(Beginning of Given records)

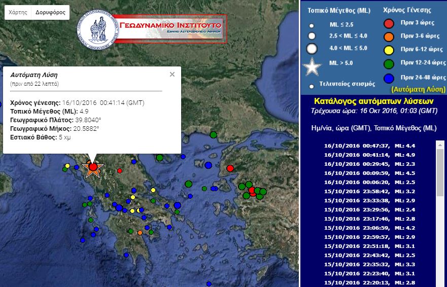 Ισχυρός μετασεισμός 4,9 ρίχτερ σημειώθηκε πριν απο λίγο στην περιοχή των Ιωαννίνων. Το επίκεντρό του βρίσκεται κοντά στου κύριου σεισμού των 5,3 ρίχτερ και έχει επίσης εστιακό βάθος 5 χλμ.
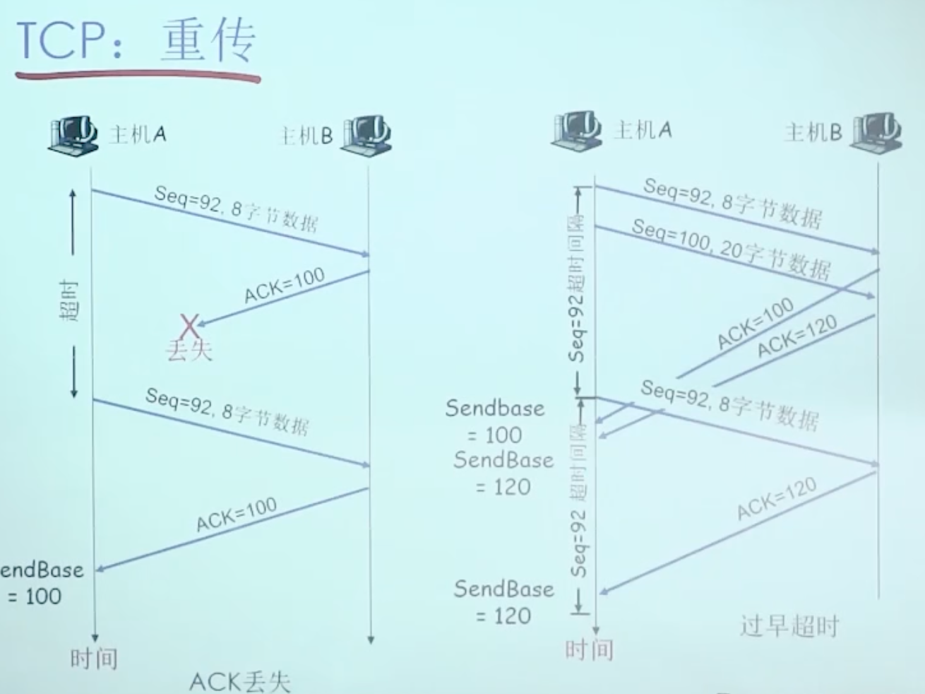 - 如果是对尚未确认的报文段确认(更新已被确认的报文序号,还有未被确认的报文段,重新启动定时器)
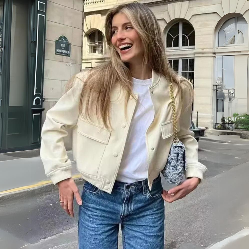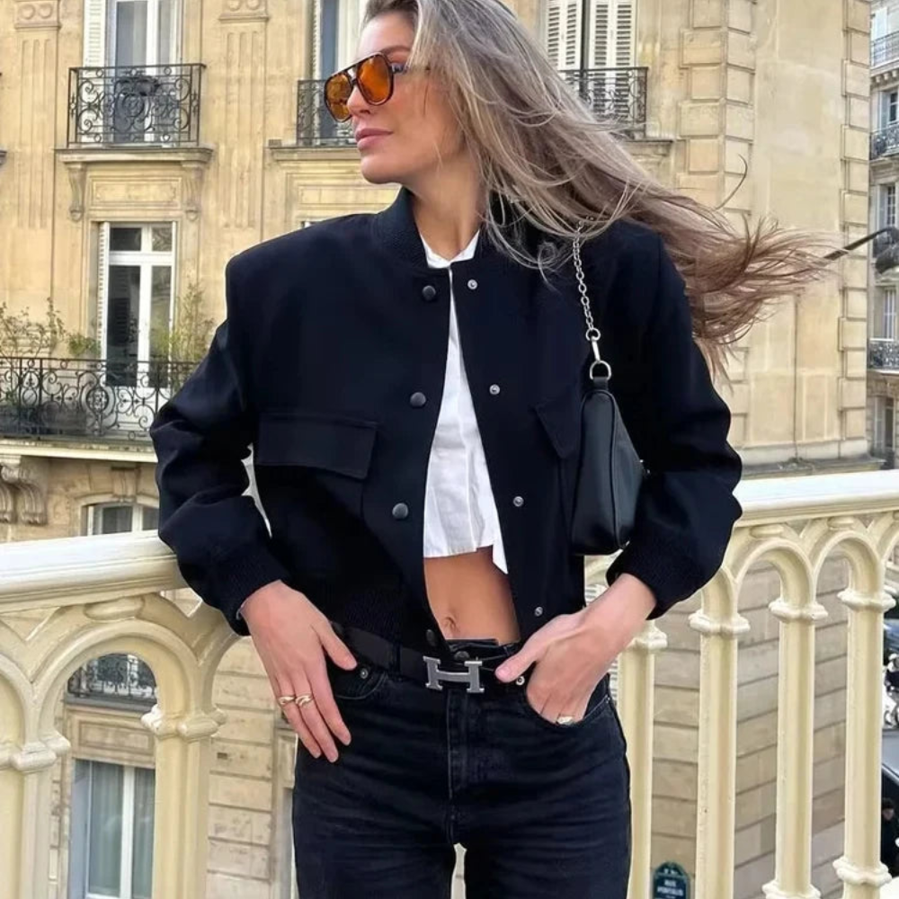Tijdloze elegantie ontmoet comfort met de Maayke's klassieke casual bomberjack
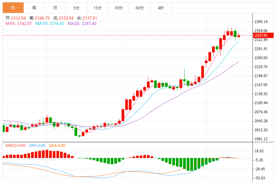 预计,今日金价交投将于支撑位2335.00美元/盎司以及阻力位2370.00美元/盎司之间。
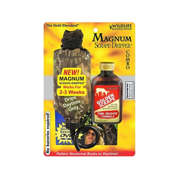 The Wildlife Research Center Magnum Dripper Deer Scent Combo allows a hunter to create an exceptional mock scrape or keep an existing scrape fresh. The Magnum Dripper is an amazing tool that drips the Golden Scrape buck lure during the day when the temperature rises but it stops dripping as soon as the temperature falls again. Golden Scrape is a combination of premium doe urine with estrus secretions and premium buck urine giving you the most natural smelling scrape scent on the market. This scent is also enhanced with subtle tones of fresh scraped earth and Territorial Musk making it the ideal choice for mock or natural scrapes. The special time-release formula will keep him coming back giving you the advantage. Combo includes the Magnum Dripper 4 ounce bottle of Golden Scrape and the Scrape Hunting book. Features -Temperature activated scrape dripper -Premium doe urine with estrus secretions combined with premium buck urine -Enhanced with subtle tones of fresh earth and Territorial Musk -Extremely effective at both mock and natural scrapes -Special time release formula -4 oz bottle

(End of Given records)

Your instructions.
Reproduce, word for word, the lines from the one containing "Tijdloze elegantie ontmoet" to the end of the material, both ends included. No picture is copied.

Solved exercise.
Tijdloze elegantie ontmoet comfort met de Maayke's klassieke casual bomberjack
 预计,今日金价交投将于支撑位2335.00美元/盎司以及阻力位2370.00美元/盎司之间。
 The Wildlife Research Center Magnum Dripper Deer Scent Combo allows a hunter to create an exceptional mock scrape or keep an existing scrape fresh. The Magnum Dripper is an amazing tool that drips the Golden Scrape buck lure during the day when the temperature rises but it stops dripping as soon as the temperature falls again. Golden Scrape is a combination of premium doe urine with estrus secretions and premium buck urine giving you the most natural smelling scrape scent on the market. This scent is also enhanced with subtle tones of fresh scraped earth and Territorial Musk making it the ideal choice for mock or natural scrapes. The special time-release formula will keep him coming back giving you the advantage. Combo includes the Magnum Dripper 4 ounce bottle of Golden Scrape and the Scrape Hunting book. Features -Temperature activated scrape dripper -Premium doe urine with estrus secretions combined with premium buck urine -Enhanced with subtle tones of fresh earth and Territorial Musk -Extremely effective at both mock and natural scrapes -Special time release formula -4 oz bottle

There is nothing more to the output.